Блондло несколько раз лихорадочно переключил что-то в своём шлеме, заставив линзы негромко загудеть.

— Ах, как досадно, что меня там не было, — пробормотал он, — Было бы любопытно взглянуть на них. Замерить показатель Ангстрема…

— Это всё ерунда, — голос мистера Гёрни стал сухим, будто ему было сложно говорить, — В самом доме тоже что-то переменилось. Все металлические предметы ощутимо потеплели, будто какой-то негодник незадолго до моего прихода прикладывал к ним каминными щипцами кусок угля. Дверные ручки, петли, даже крючки в прихожей, всё было таким горячим, что я едва не обжог палец, прикоснувшись к подставке для газет. Это уже было чудно. Я спросил Ортимера, уж не мерещится ли мне это, но он заверил меня, что наблюдает то же самое. Он подал мне обед — была половина пятого — но я не смог съесть его, несмотря на то, что испытывал волчий голод. Мясо казалось мне пропитанным горечью, овощи — слизкими, с неестественным вкусом. Я просидел над тарелкой битый час, потом сдался и отослал всё на кухню. Вся еда в доме точно утратила свой вкус. Головка отличного стилтоновского сыра, которая ждала меня на десерт, ощутимо пованивала водорослями, а турецкий кофе, который Ортимер великолепно готовит, отдавал дёгтем. Вы, должно быть, знаете, в Редруфе мягкий климат, его не терзают ветра, поднимающиеся из моря, властвующие в Клифе и Лонг-Джоне, но в тот вечер мне показалось, что сквозняки, забирающиеся в окно, по-змеиному шипят. Я приказал Ортимеру наглухо запереть все окна в доме.

— Это всё? — быстро спросил Ледбитер.

— Нет. Пытаясь уверить себя, что всё это следствие переутомления, я устроился на софе после обеда, решив почитать — чтение обыкновенно расслабляюще на меня воздействует. Я взял первую попавшуюся книгу — это был «Лунный камень» Уиллки Коллинза — и читал с самого начала около получаса. Но не успел я дойти до того места, где мистер Мертуэт рассказывает гостям об индийских браминах, как ощутил лёгкую дурноту вроде той, что одолевает, если прокатиться на старом локомобиле по ухабистой дороге.

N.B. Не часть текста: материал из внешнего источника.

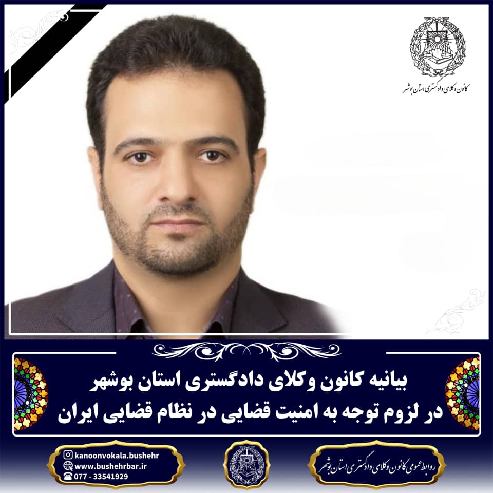 کانون وکلای دادگستری استان بوشهر ضمن محکومیت قاطع این اقدام ، به خانواده داغدار آن مرحوم، به همکاران قضایی دادگستری و به تمامی وکلای گرامی که این قاضی محترم را از نزدیک میشناختند، با ایشان هم محلی بوده وهمچنین به همکاران محترم وکیل در استان فارس و دیگر نقاط کشور که از همراهی حرفهای و دوستی انسانی با آن مرحوم برخوردار بودهاند، بهویژه جناب آقای شایانی، عضو محترم هیئت مدیره کانون وکلای دادگستری استان بوشهر که از بستگان نسبی آن مرحوم مغفور است ، صمیمانهترین مراتب همدردی و تسلیت خود را ابراز میدارم.
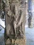 The third precinct has the shrine of Goddess Perundevi Thayar; it is customary for devotees to visit the shrine first before visiting the main Perumal shrine.[10] There are four small pillared halls, identical in structure, called Thulabara Mandapas built during the 1532 for a ceremony of Achyutaraya of the Vijayanagara Empire.[10]
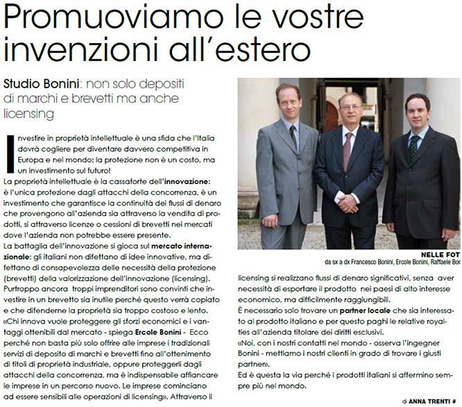 Il Giornale di Vicenza [Idea Impresa] – 9 maggio 2015 | Promuoviamo le vostre invenzioni all’estero
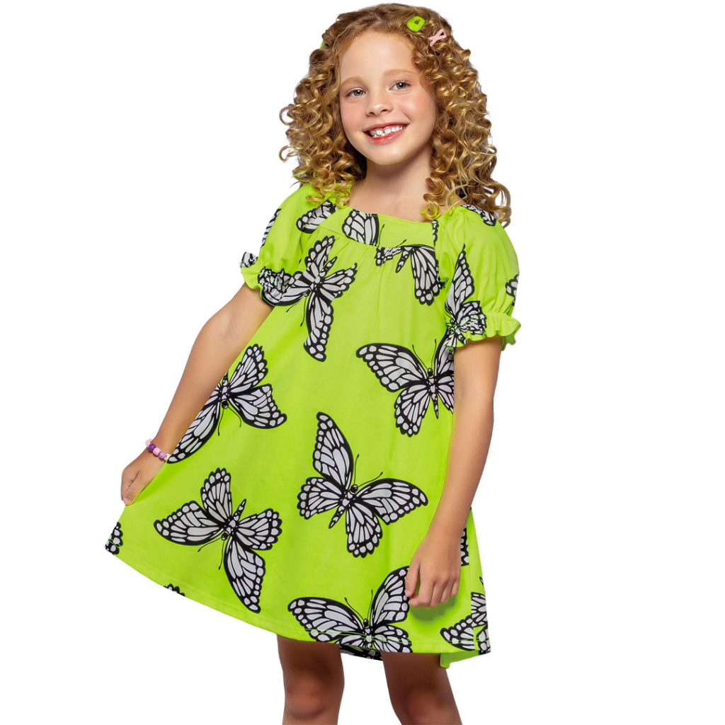 Dievčenské letné šaty. Krátky rukávik s jemnou gumičkou. Voľný, rozšírený strih. Okolo ramien a v zadnej časti výstrihu gumička. Veľká potlač. Vzdušný bavlnený úplet. Vyrobené v Brazílii.Dodatočné parametre

Я попытался вернуться к чтению и с ужасом обнаружил, что буквы разбрелись по странице. Они выпустили ножки и превратились в крохотных чернильных тварей вроде хищных амёб, жадно пожирающих друг друга прямо у меня на глазах. Вскрикнув от отвращения, я уронил книгу, а когда подобрал её…

— Они исчезли, — Ледбитер кивнул, будто услышал нечто само собой разумеющееся, — Я так и думал.

Мистер Гёрни криво усмехнулся.

— Если бы только это. Книга, которую я читал и которую поднял с пола, оказалась не «Лунным камнем», а сборником стихов Мэй Синклер — при том, что я обычно на дух не переношу подобную литературу и, конечно, не держу её в библиотеке.

— Немного странно, — неохотно признал Лэйд.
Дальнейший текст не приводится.